# how much will my boots pack out?



## surferbum21 (Aug 19, 2008)

I just picked up a new pair of Sabbaths over at whiskeymilitia. I have the ones from 2 years ago in a 9 and they were a lil bit snug so i went for a 9.5. well they feel just as tight if not tighter. i've tried wearing around the house for a week and my toes are raw from rubbing the front. should i exchange for a 10 or will these pack out pretty good? I wear a 9 in every skate shoe i have ever bought. guess i'm finally a big boy in the double digit shoe size?


----------



## Milo303 (Apr 6, 2009)

Can't really put a figure on how much boots will pack out.... Generally speaking a size or maybe even two sizes can be expected...

Each boot is different as far as sizing goes. I wear a 14 normally and 14 Vans Cirros were a bit snug when I got them right... Well they've over packed slightly in my right boot so I had to buy tongue eliminators from tognar.
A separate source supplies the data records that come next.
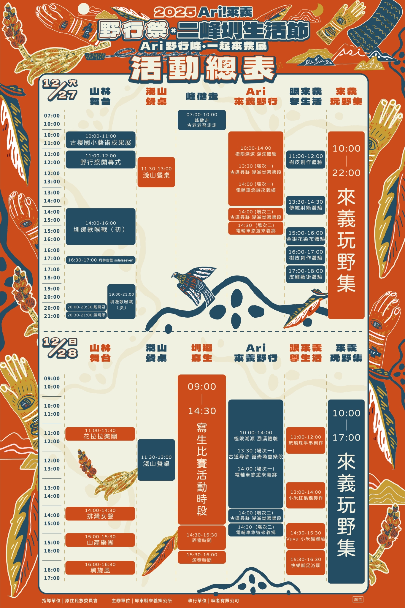 一、活動日期:114年12月27日至28日(星期六,日)共2日,活動地點古樓國小操場、太陽市集、二峰圳周邊場域;活動報名資訊請詳閱Ari來義野行臉書(網址:https://www.facebook.com/profile.php?id=61550819722608&locale=zh_TW。)
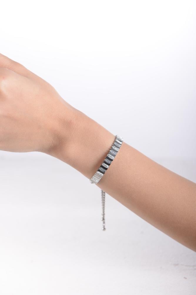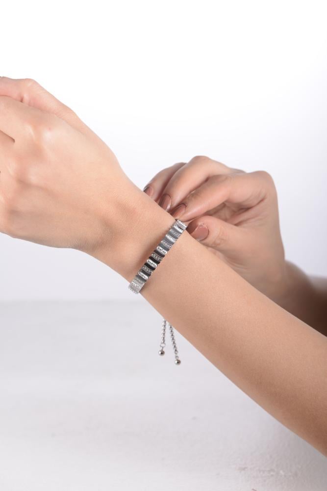 أضيفي لمسة من الرقي إلى إطلالتك مع هذه الإسورة الأنيقة المصنوعة من أستيل لامع عالي الجودة. تتميز بتصميم ناعم مرصع بفصوص براقة تمنحها مظهرًا فاخرًا يلفت الأنظار.
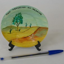 PRATO DECORATIVO (11 CM). EM SEU INTERIOR, DESENHO DE UMA PAISAGEM E A INSCRIÇÃO 'POLO GESSEIRO DO ARARIPE'. POSSUI SUPORTE DE PLÁSTICO. ACONDICIONADO EM UMA SACOLA TNT, NA COR ROSA.
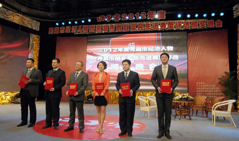 2012年度蕪湖市經(jīng)濟(jì)人物暨蕪湖市創(chuàng)業(yè)富民先進(jìn)典型頒獎(jiǎng)晚會(huì),于2013年1月30日晚在蕪湖市廣播電視臺(tái)舉行。此次活動(dòng)由中共蕪湖市委宣傳部、蕪湖市發(fā)改委、蕪湖市經(jīng)委、蕪湖市工商聯(lián)、蕪湖廣播電視臺(tái)等單位主辦,旨在展示經(jīng)濟(jì)領(lǐng)域的先進(jìn)人物,弘揚(yáng)創(chuàng)業(yè)精神,為企業(yè)、企業(yè)主、經(jīng)濟(jì)工作者搭建一個(gè)相互交流、溝通、展示的平臺(tái),促進(jìn)地方經(jīng)濟(jì)更快更好地發(fā)展。經(jīng)過(guò)為期兩個(gè)月的評(píng)選,華億集團(tuán)公司總裁、華億國(guó)際總經(jīng)理項(xiàng)領(lǐng),榮獲“2012年度蕪湖市經(jīng)濟(jì)人物”稱(chēng)號(hào)。
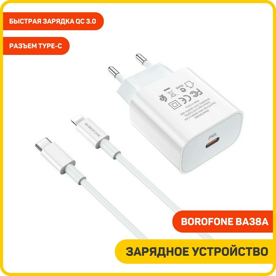 Сетевое зарядное устройство (СЗУ) Borofone BA38A Plus QC 3.0 (Type-C PD) + кабель Type-C-Lightning, 3 А, белый
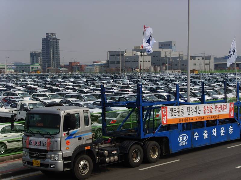 세워진 화물연대 조합원 차량 너머로 카캐리어 화물노동자들이 야적해 놓은 수출차량들이 보인다. 물류의 주체는 우리 화물노동자들이며, 야적 되어진 물류량만 보더라도 우리들 힘의 잠재력을 느낄 수 있다.

My advice is if they're hurting you that bad you should go up a half size buddy... If anything you can wear thicker socks or get pads from tognar if they do over pack slightly.


----------



## Csanto23 (Feb 23, 2010)

I'm having the same problem. My sneaker size is a 11.5 and I went with an 11, and my longest toe on my left foot was killing me yesterday. 

Shit happens, I wonder if I can exchange for a 11.5...


----------



## leif (Dec 10, 2009)

I'd suggest buying half size smaller than your shoe size, or to the point where your toes are rubbing against the front just a bit (not uncomfortably, but you can definitely feel it). This way when they are finished packing out they will fit perfectly. Also, riding is different than walking around. I bought size 8 32 lashed and even though my toes were rubbing in the store and at home, when i strap in now and ride for 3+ hours they feel amazing.


----------